Lula pareció aludir así al presidente de Estados Unidos, Donald Trump, quien ha impuesto sanciones a los jueces del Supremo brasileño y al propio país en represalia por el juicio a Bolsonaro, aliado político del republicano, a quien considera víctima de una «caza de brujas».

Sin embargo, Lula recordó en su discurso, en el que apareció con una corbata con los colores de la bandera nacional y que duró unos cinco minutos, que la Constitución brasileña «establece la independencia entre los tres poderes».

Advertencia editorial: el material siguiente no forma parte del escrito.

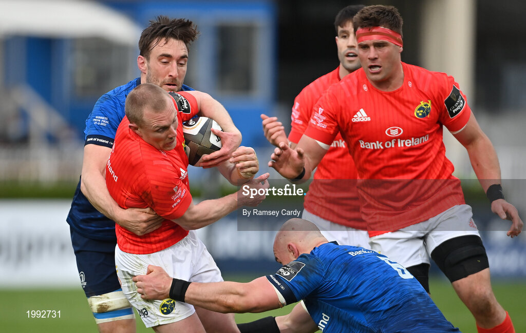 27 March 2021; Keith Earls of Munster is tackled by Jack Conan and Rhys Ruddock, right, of Leinster during the Guinness PRO14 Final match between Leinster and Munster at the RDS Arena in Dublin. Photo by Ramsey Cardy/Sportsfile
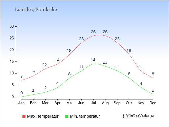 Grafen visar de genomsnittligt högsta temperaturerna i Lourdes (vanligtvis det värde som uppmätts mitt på dagen) och de genomsnittligt lägsta temperaturer (vanligtvis tidpunkten just innan soluppgång).
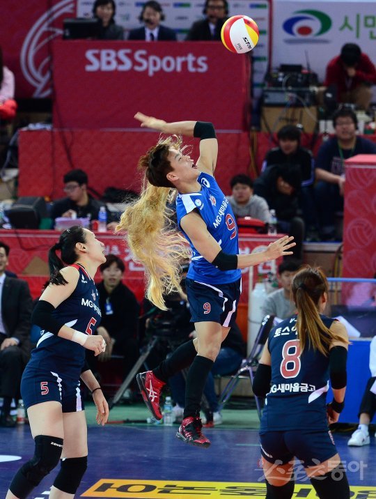 ‘NH농협 2016~2017 V리그’ 올스타전이 22일 천안유관순체육관에서 열렸다. V스타 정민수가 여자부 경기에 참가해 스파이크를 때리고 있다.

«Eso significa que el presidente de Brasil no puede interferir en las decisiones de la Justicia brasileña, al contrario de lo que quieren imponer a nuestro país», señaló.

Bolsonaro afronta en el Supremo un juicio penal bajo la acusación de «liderar» una conspiración golpista para impedir la toma de posesión de Lula y mantenerse en el poder, tras perder las elecciones de 2022.

En ese juicio, que empezó esta semana y se reanudará la próxima, el ex jefe de Estado, actualmente en prisión domiciliaria, se enfrenta a una posible pena máxima de unos 40 años de prisión.